Dataproc Persistent Solid State Drive (PD-SSD) Boot Disks

This feature allows you to select Persistent Disk Solid State Drives (PD-SSDs) as boot disks for your cluster's master and/or primary and/or secondary (preemptible) worker node(s).

Using PD-SSD

gcloud command

You can create a cluster and select PD-SSD or PD-Balanced as the boot disk for the cluster's master and/or primary and/or secondary worker node(s) using the gcloud dataproc clusters create command with the --master-boot-disk-type, and/or --worker-boot-disk-type, and/or --secondary-worker-boot-disk-type flag(s).

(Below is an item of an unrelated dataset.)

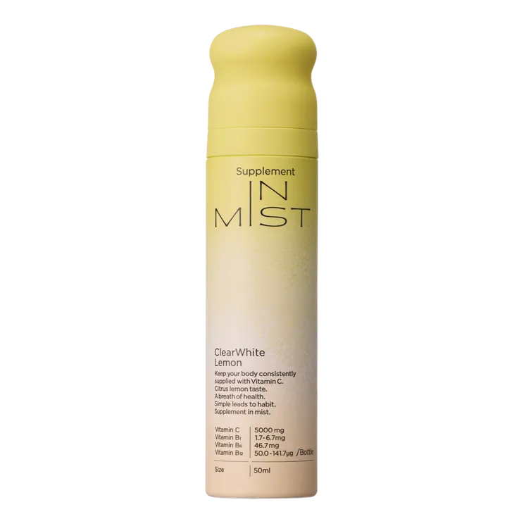この商品について 🍋サントリー発ベンチャーが開発。 🍋どこでも水無しワンプッシュでおいしく飲めるミスト型サプリメント。ワンプッシュ1mlで1日分のビタミンCとビタミンB群(B1、B6、B12)。シトラスレモンテイスト。 🍋美容・健康に不可欠なビタミンCを1秒チャージ。ミストだからこそ吸収されやすく、とても効率良くビタミンCを摂取できます。 🍋IN MISTは、栄養をミスト状にして飲む新形態のサプリメント。水なしで、いつでもどこでも飲めて、ジュースのような美味しさだから「毎日飲めて、サプリメント習慣が長続き」。 🍋たった1秒で1日分のビタミンC(100㎎)を美味しく補給。ビタミンCは数時間でカラダから流れ出してしまう成分。1度に大量に摂取するより、こまめに摂取する方が効率が良いことが科学的に証明されています。 🍋ClearWhite Lemonは、そのメカニズムに着目し、いつでもどこでもビタミンCをチャージできるよう開発されたミスト型サプリメント。手軽でおいしい美容ルーティーンを体感ください。 🍋内容量:約50回分(約25日分) ※1日2回目安 IN MISTは、美と健康への意識が高い20代〜30代の女性を中心に、幅広い層の方々にご支持いただいています。 お客様の声では、「吸収しやすいことと、水なしで飲めることが魅力的」「とても美味しく手軽にビタミンを摂れるので、継続しようと思う」など、継続しやすさと美味しさが評価されています。 さらに、管理栄養士からも「場所を選ばず手軽に飲めるので、理想的なサプリメント」との専門的な評価をいただいています。 【こんな方におすすめ】 ☑忙しくても手軽にケアしたい方 ☑錠剤やドリンクタイプのサプリが苦手 ☑食生活が不規則で、ビタミン不足を感じている ☑持ち歩ける美容アイテムを好む ☑気分転換できる香りやデザイン性を重視する ☑継続しやすく、楽しみながら美容を続けたい方 ☑トレンドや新しい美容習慣に敏感な方 ・お取り扱い先 現在、EC・楽天・Amazon・全国のハンズ51店舗、蔦屋家電二子玉川店、高知 蔦屋書店、有名美容クリニックのECショップにてお取り扱いいただいております。

The default value for each flag is "pd-standard", which selects PD-Standard (Hard Disk Drive) as the boot disk. To select PD-SSD or PD-Balanced as the boot disk, pass a value of "pd-ssd" or "pd-balanced", respectively, to the --master-boot-disk-type, and/or --worker-boot-disk-type, and/or --secondary-worker-boot-disk-type flag(s). These flags can be used independently or in combination to select PD-SSD or PD-Balanced as the boot disk for master and/or primary and/or secondary worker node(s).

Example:
gcloud dataproc clusters create cluster-name \
    --region=region \
    --master-boot-disk-type=pd-ssd \
    --worker-boot-disk-type=pd-ssd \
    --secondary-worker-boot-disk-type=pd-ssd \
    other args ...

REST API

You can create a cluster and select PD-SSD or PD-Balanced as the boot disk for the cluster's master and/or primary and/or secondary (preemptible) worker node(s) by setting the bootDiskType field to "pd-ssd" or "pd-balanced" in the masterConfig, and/or workerConfig, and/or secondaryWorkerConfig InstanceGroupConfig object(s) in your cluster.create API request. If not specified, the default bootDiskType is "pd-standard", which selects PD-Standard (Hard Disk Drive) as the boot disk. Each config can be set independently to select pd-ssd or pd-balanced as the boot disk type for master and/or primary and/or secondary (preemptible) worker node(s).

Console

You can create a cluster and select PD-SSD as the boot disk (and select per-node boot disk size) for master, primary worker, and secondary nodes from the Configure nodes panel of the Dataproc Create a cluster page of the Google Cloud console.